Chroniques de l’urgence

Contre-emploi à la tête de la Cop 26

d'Lëtzebuerger Land du 21.02.2020

Lors de la prochaine Conférence des parties (Cop) de la Convention des Nations Unies sur le climat, en novembre à Glasgow, les signataires de l’Accord de Paris sont censés faire le point sur leurs engagements de réductions d’émissions et les réévaluer à la lumière de l’objectif de l’Accord de contenir le réchauffement de la planète à deux degrés Celsius ou, mieux, à 1,5 degré. Une dynamique forte sera indispensable pour surmonter les obstacles qui ont empêché jusqu’ici une implémentation conséquente de l’Accord. La nomination la semaine dernière d’Alok Sharma à la présidence de la Cop n’est malheureusement pas de nature à rassurer.
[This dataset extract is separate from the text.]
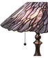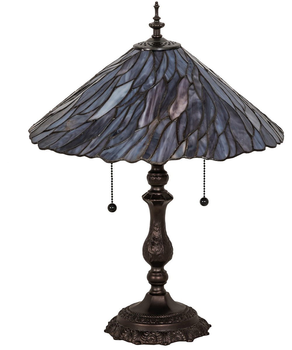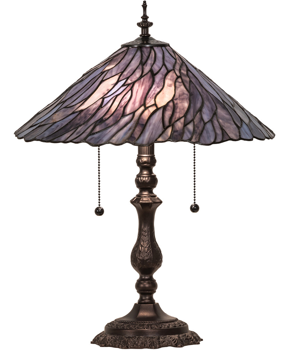 Intricately hand-cut pieces of art glass in stunning hues of Purple; Blue and Mauve becomes luminescent in this wispy willow leaf patterned shade. The Willow shade is created using the famous Meyda copperfoil construction process. The shade is complemented with a sculpted lamp base in a warm Mahogany Bronze finish. The lamp is UL and cUL listed for dry locations.

Il y a d’abord les conditions de sa nomination. Elle est intervenue lors d’un remaniement du gouvernement britannique qui a manifestement dérapé, aboutissant à l’écartement inattendu du chancelier de l’échiquier. Tout suggère que Boris Johnson a bouleversé son équipe dans la précipitation, qui n’est jamais bonne conseillère, et la surenchère pro-Brexit. Alok Sharma hérite de la présidence de la Cop 26 après le débarquemen, avec pertes et fracas, de Claire O’Neill, l’ancienne ministre de l’Énergie de Boris Johnson. Celle-ci n’a pas mâché ses mots après sa mise à la porte, reprochant au gouvernement son « énorme manque de leadership et d’engagement » et affirmant que le Premier ministre a reconnu devant elle « qu’il ne comprend pas vraiment » la crise climatique.
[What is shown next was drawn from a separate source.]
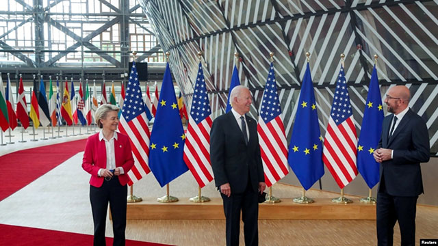 美国与欧盟领导人2021年6月15日在布鲁塞尔举行峰会(路透社) 拜登总统的欧洲行星期三(6月16日)还在继续。在欧洲,他先后参加了七国集团峰会、北约峰会以及美国和欧盟峰会。他成功说服... |

À vrai dire, la présidence de la Cop n’est qu’un emploi à temps partiel pour Sharma. Jusqu’ici en charge du « développement international » (aide au développement), Alok Sharma est promu ministre de l’Économie, en charge du puissant BEIS (Department for Business, Energy and Industrial Strategy). Est-il plausible qu’il parvienne à jongler entre ces deux rôles hyper-exigeants, alors que la Grande-Bretagne sera plongée jusqu’au cou, ces prochains mois, dans les négociations sur ses futures relations avec l’Union européenne – négociations que Boris Johnson affirme vouloir clore d’ici la fin de l’année ?

Il y a enfin le positionnement personnel d’Alok Sharma sur le changement climatique, qui n’a pas de quoi rasséréner. S’il a pris publiquement position à la fois pour et contre la controversée extension de l’aéroport de Heathrow, la plateforme theywork-
foryou.com tranche sur base de ses votes au Parlement : il a « généralement voté contre les mesures destinés à mitiger le changement climatique ».

Alok Sharma va-t-il nous surprendre et prendre conscience de sa responsabilité historique ? Va-t-il faire bon usage de sa double casquette et accomplir la tâche prométhéenne de mener la Cop26 à bon port ? Alors que le gouvernement britannique a pris ses précautions pour pouvoir rapatrier in extremis la Cop 26 à Londres si jamais les relations post-Brexit entre Londres et l’Écosse devaient tourner au vinaigre d’ici là, rien n’est moins sûr.